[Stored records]
——————

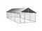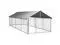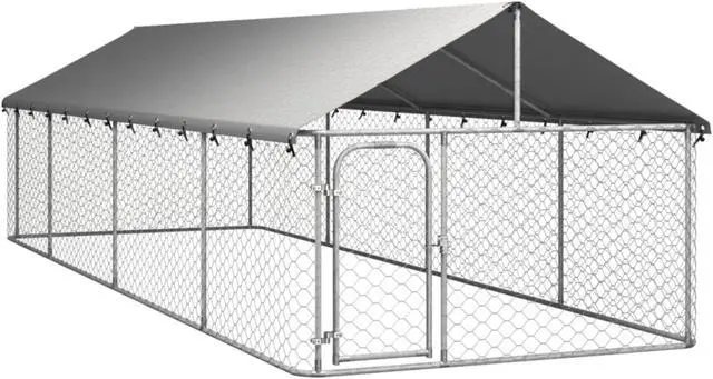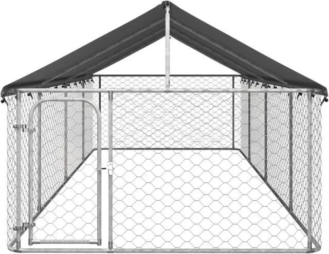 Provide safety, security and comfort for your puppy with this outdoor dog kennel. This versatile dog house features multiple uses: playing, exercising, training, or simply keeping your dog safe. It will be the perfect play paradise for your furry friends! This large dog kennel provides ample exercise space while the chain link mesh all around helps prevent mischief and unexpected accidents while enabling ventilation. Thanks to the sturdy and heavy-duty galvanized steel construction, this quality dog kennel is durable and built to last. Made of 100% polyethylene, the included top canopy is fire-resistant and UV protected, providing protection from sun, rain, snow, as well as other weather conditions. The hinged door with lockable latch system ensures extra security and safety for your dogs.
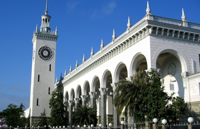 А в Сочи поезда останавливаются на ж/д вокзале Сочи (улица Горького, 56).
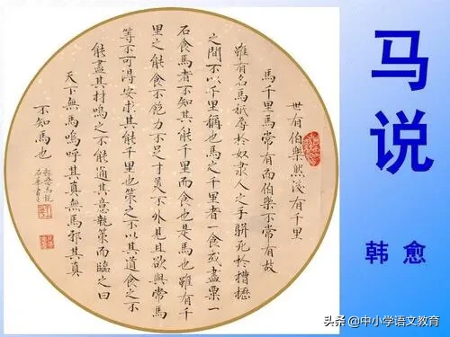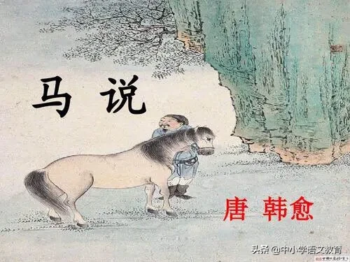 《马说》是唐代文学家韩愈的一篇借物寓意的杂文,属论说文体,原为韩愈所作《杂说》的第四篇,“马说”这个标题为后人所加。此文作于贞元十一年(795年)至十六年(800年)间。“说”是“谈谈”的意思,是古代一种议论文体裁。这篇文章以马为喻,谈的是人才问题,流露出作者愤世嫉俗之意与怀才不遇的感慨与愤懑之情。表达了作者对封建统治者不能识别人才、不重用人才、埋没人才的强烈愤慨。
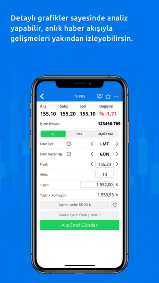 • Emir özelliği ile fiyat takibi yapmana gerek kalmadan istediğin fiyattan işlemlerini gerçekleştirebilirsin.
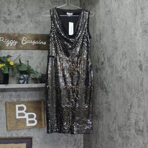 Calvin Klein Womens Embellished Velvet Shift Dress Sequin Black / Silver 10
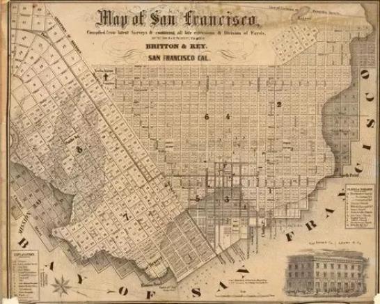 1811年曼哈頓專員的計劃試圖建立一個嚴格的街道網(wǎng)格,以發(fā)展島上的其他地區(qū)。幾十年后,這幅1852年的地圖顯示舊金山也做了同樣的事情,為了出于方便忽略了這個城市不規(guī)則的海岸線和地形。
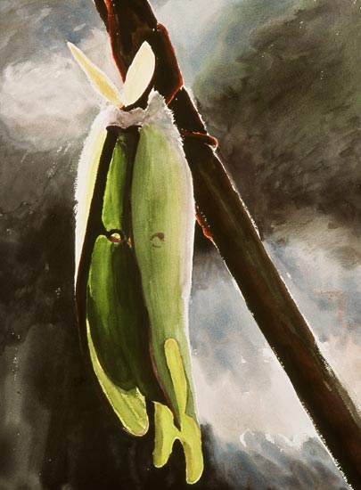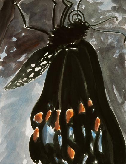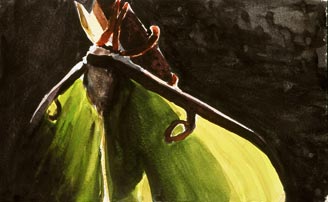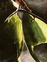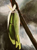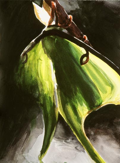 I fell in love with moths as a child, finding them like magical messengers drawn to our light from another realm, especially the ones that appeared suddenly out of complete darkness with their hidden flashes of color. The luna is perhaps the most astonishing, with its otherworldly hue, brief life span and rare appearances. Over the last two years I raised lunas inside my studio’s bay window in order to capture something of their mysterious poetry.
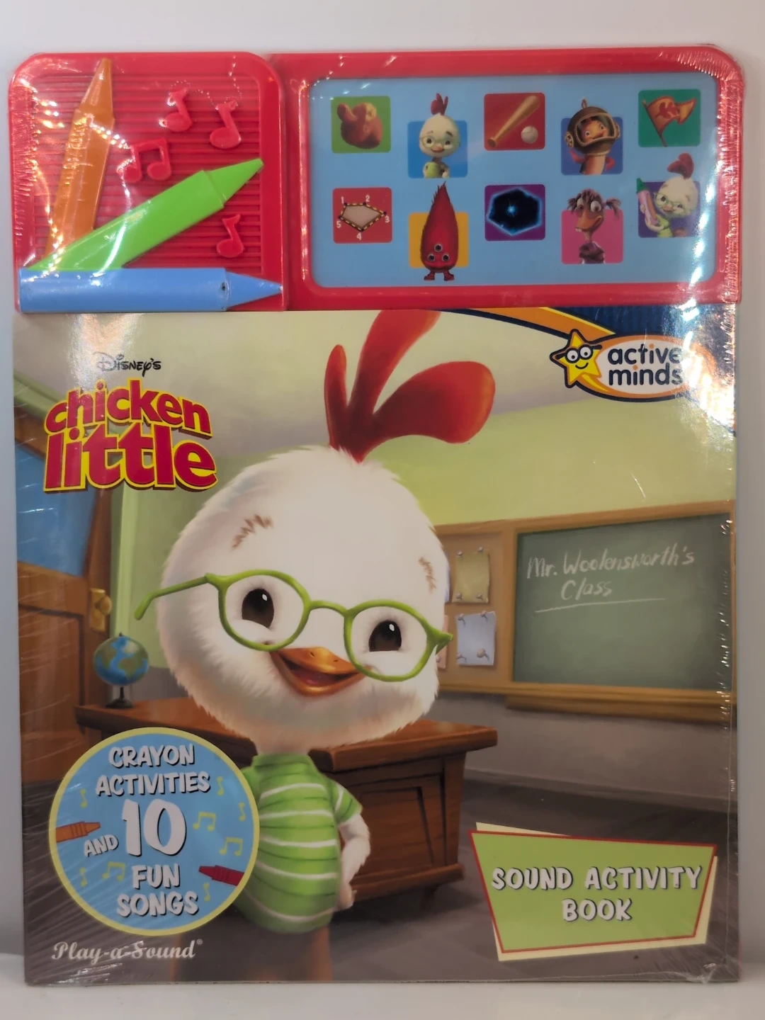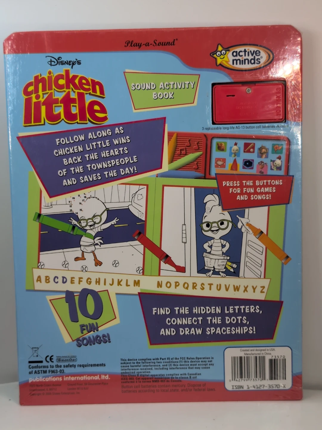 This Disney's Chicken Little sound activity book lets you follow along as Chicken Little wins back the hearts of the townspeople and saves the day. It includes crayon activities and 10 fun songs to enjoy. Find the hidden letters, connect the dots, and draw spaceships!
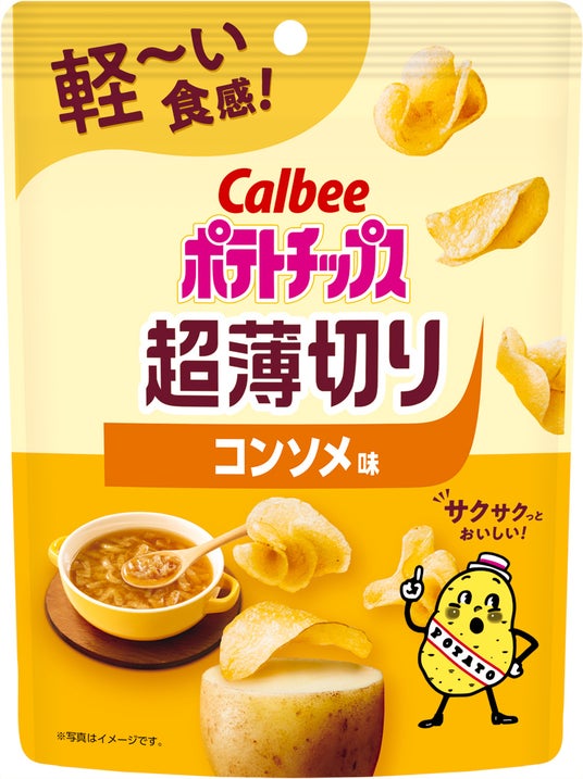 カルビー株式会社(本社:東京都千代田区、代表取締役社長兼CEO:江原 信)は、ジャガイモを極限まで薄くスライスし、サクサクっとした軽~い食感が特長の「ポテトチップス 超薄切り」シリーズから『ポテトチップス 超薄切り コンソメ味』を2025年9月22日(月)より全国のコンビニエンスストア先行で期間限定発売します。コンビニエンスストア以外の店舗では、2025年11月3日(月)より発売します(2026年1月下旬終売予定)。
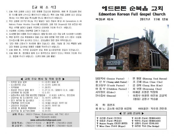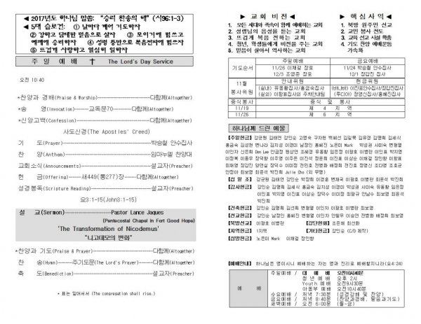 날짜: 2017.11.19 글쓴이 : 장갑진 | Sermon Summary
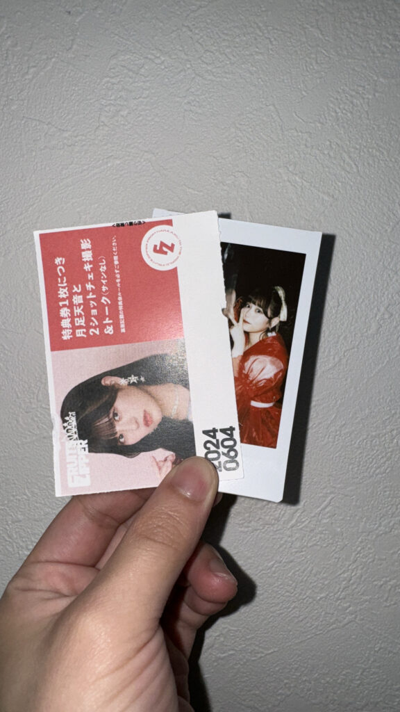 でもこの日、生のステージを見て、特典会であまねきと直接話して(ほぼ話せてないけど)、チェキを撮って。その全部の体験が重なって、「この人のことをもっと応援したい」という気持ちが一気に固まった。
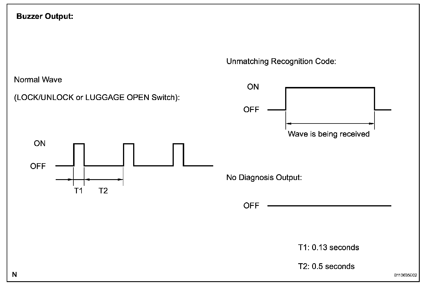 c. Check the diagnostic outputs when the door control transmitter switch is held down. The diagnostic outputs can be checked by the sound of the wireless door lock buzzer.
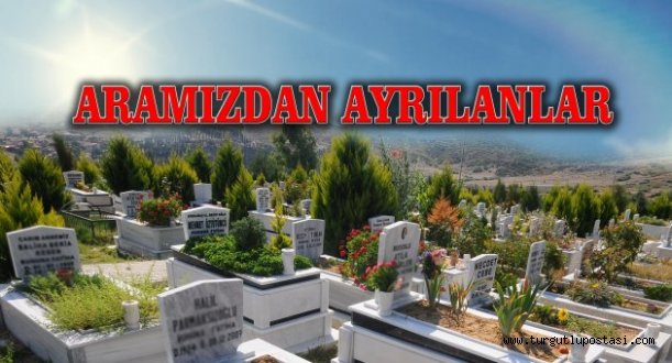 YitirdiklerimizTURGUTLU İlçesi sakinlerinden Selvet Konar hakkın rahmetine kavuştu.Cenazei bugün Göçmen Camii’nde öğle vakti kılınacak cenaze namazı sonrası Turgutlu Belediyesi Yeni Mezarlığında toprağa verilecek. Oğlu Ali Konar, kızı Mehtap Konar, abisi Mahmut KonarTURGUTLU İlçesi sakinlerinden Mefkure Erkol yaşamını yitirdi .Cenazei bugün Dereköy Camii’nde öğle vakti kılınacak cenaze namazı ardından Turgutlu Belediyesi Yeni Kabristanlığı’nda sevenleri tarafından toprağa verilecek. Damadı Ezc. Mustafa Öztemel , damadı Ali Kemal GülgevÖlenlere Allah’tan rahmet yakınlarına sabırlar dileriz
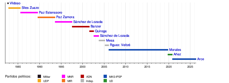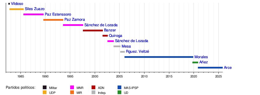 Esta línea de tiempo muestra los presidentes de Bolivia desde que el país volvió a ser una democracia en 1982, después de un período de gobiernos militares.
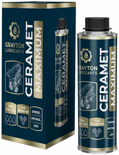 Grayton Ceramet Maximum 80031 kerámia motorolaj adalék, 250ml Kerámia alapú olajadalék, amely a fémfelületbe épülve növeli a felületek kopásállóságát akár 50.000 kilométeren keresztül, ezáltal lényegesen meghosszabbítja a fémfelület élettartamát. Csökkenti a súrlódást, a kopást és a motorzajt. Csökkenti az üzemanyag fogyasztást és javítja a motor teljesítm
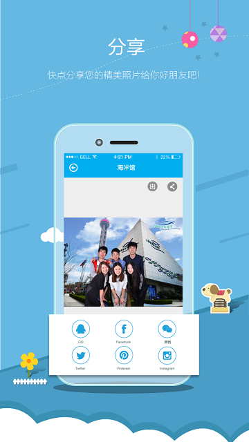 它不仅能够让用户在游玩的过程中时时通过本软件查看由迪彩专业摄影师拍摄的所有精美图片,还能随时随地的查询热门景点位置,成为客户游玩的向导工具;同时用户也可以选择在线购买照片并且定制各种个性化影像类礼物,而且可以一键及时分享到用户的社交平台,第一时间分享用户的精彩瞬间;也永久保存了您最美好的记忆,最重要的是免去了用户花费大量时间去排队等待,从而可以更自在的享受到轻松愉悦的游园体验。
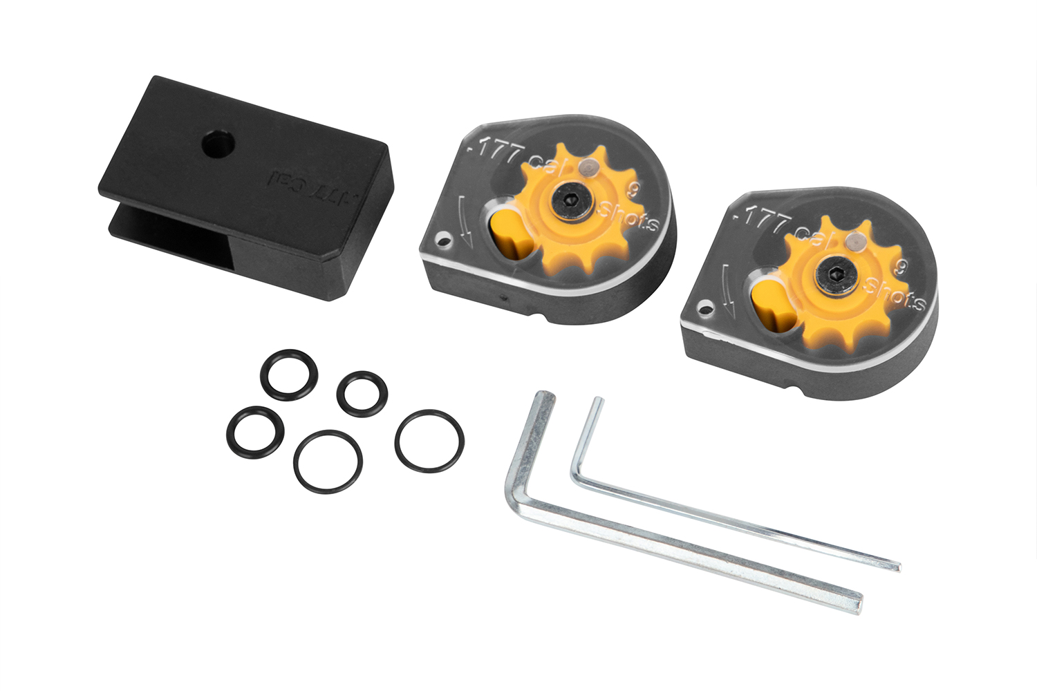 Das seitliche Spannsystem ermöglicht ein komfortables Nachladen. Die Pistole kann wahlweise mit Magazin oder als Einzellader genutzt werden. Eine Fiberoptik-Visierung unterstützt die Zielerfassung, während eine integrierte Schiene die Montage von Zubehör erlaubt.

——————

### WORK INSTRUCTIONS
Copy exactly the lines of the entries above from the one containing "This Disney's Chicken" through the one containing "でもこの日、生のステージを見". Both end lines count; pictures do not.

### EXPECTED OUTPUT
 This Disney's Chicken Little sound activity book lets you follow along as Chicken Little wins back the hearts of the townspeople and saves the day. It includes crayon activities and 10 fun songs to enjoy. Find the hidden letters, connect the dots, and draw spaceships!
 カルビー株式会社(本社:東京都千代田区、代表取締役社長兼CEO:江原 信)は、ジャガイモを極限まで薄くスライスし、サクサクっとした軽~い食感が特長の「ポテトチップス 超薄切り」シリーズから『ポテトチップス 超薄切り コンソメ味』を2025年9月22日(月)より全国のコンビニエンスストア先行で期間限定発売します。コンビニエンスストア以外の店舗では、2025年11月3日(月)より発売します(2026年1月下旬終売予定)。
 날짜: 2017.11.19 글쓴이 : 장갑진 | Sermon Summary
 でもこの日、生のステージを見て、特典会であまねきと直接話して(ほぼ話せてないけど)、チェキを撮って。その全部の体験が重なって、「この人のことをもっと応援したい」という気持ちが一気に固まった。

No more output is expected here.